_Activity_. Restate the full listing word for word and leave the pictures out.

_Data block_.
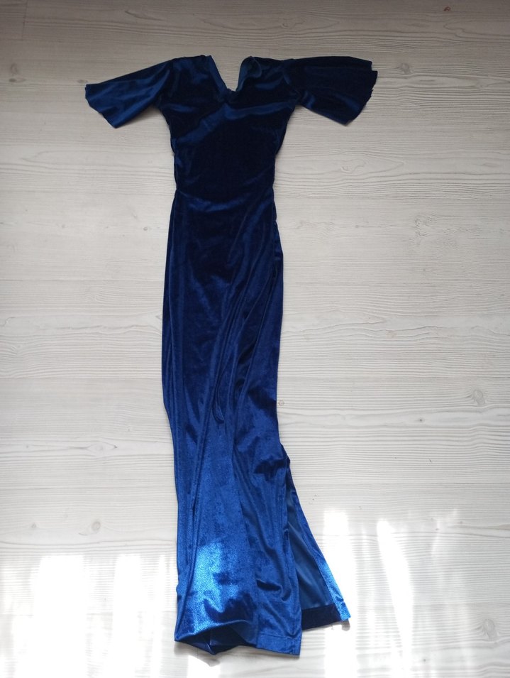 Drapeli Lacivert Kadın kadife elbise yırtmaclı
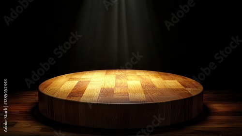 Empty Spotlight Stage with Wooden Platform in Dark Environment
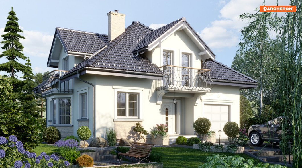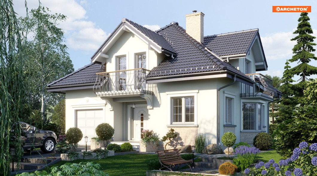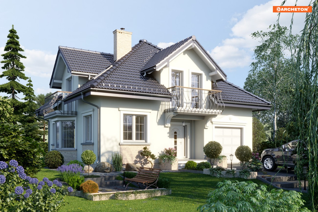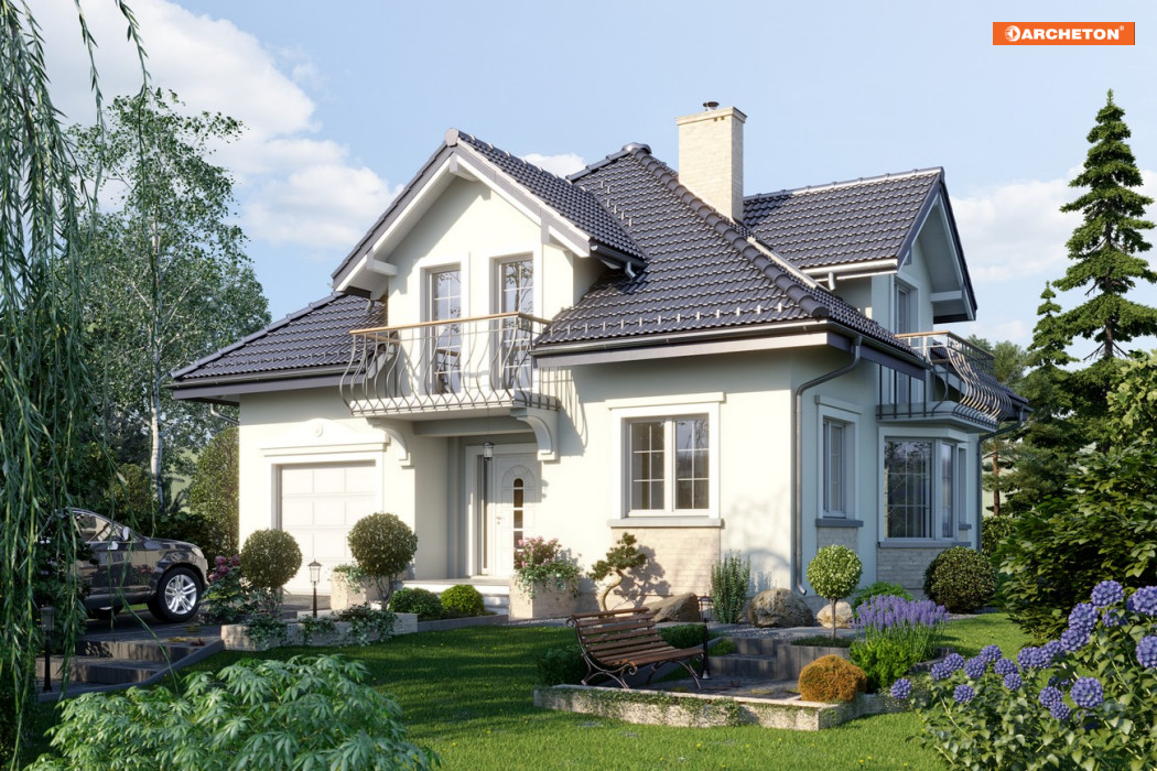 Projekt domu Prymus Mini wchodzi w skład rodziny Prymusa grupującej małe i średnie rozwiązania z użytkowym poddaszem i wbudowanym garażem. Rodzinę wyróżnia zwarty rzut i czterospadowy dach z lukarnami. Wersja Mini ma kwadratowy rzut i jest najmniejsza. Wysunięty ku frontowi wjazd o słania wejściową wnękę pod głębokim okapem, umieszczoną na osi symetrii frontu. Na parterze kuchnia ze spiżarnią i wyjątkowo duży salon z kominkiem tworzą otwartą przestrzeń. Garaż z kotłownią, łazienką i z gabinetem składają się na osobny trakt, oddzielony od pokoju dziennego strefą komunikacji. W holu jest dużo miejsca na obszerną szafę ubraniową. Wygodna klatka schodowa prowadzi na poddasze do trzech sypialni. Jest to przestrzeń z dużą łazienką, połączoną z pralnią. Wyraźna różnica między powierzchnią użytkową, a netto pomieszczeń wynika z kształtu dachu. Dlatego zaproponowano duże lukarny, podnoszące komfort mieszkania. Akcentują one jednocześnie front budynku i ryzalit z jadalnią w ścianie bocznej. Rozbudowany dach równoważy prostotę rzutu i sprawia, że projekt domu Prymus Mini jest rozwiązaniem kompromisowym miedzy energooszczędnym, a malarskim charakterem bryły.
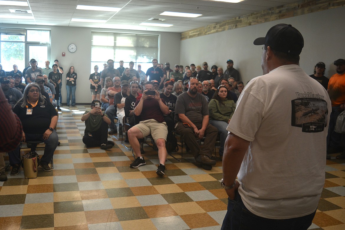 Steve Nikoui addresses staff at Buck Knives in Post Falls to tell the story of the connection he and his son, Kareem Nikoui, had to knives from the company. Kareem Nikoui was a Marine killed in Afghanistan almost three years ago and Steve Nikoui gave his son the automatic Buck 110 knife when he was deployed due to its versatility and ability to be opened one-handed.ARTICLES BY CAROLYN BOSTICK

_Answer to this exercise_.
 Drapeli Lacivert Kadın kadife elbise yırtmaclı
 Empty Spotlight Stage with Wooden Platform in Dark Environment
 Projekt domu Prymus Mini wchodzi w skład rodziny Prymusa grupującej małe i średnie rozwiązania z użytkowym poddaszem i wbudowanym garażem. Rodzinę wyróżnia zwarty rzut i czterospadowy dach z lukarnami. Wersja Mini ma kwadratowy rzut i jest najmniejsza. Wysunięty ku frontowi wjazd o słania wejściową wnękę pod głębokim okapem, umieszczoną na osi symetrii frontu. Na parterze kuchnia ze spiżarnią i wyjątkowo duży salon z kominkiem tworzą otwartą przestrzeń. Garaż z kotłownią, łazienką i z gabinetem składają się na osobny trakt, oddzielony od pokoju dziennego strefą komunikacji. W holu jest dużo miejsca na obszerną szafę ubraniową. Wygodna klatka schodowa prowadzi na poddasze do trzech sypialni. Jest to przestrzeń z dużą łazienką, połączoną z pralnią. Wyraźna różnica między powierzchnią użytkową, a netto pomieszczeń wynika z kształtu dachu. Dlatego zaproponowano duże lukarny, podnoszące komfort mieszkania. Akcentują one jednocześnie front budynku i ryzalit z jadalnią w ścianie bocznej. Rozbudowany dach równoważy prostotę rzutu i sprawia, że projekt domu Prymus Mini jest rozwiązaniem kompromisowym miedzy energooszczędnym, a malarskim charakterem bryły.
 Steve Nikoui addresses staff at Buck Knives in Post Falls to tell the story of the connection he and his son, Kareem Nikoui, had to knives from the company. Kareem Nikoui was a Marine killed in Afghanistan almost three years ago and Steve Nikoui gave his son the automatic Buck 110 knife when he was deployed due to its versatility and ability to be opened one-handed.ARTICLES BY CAROLYN BOSTICK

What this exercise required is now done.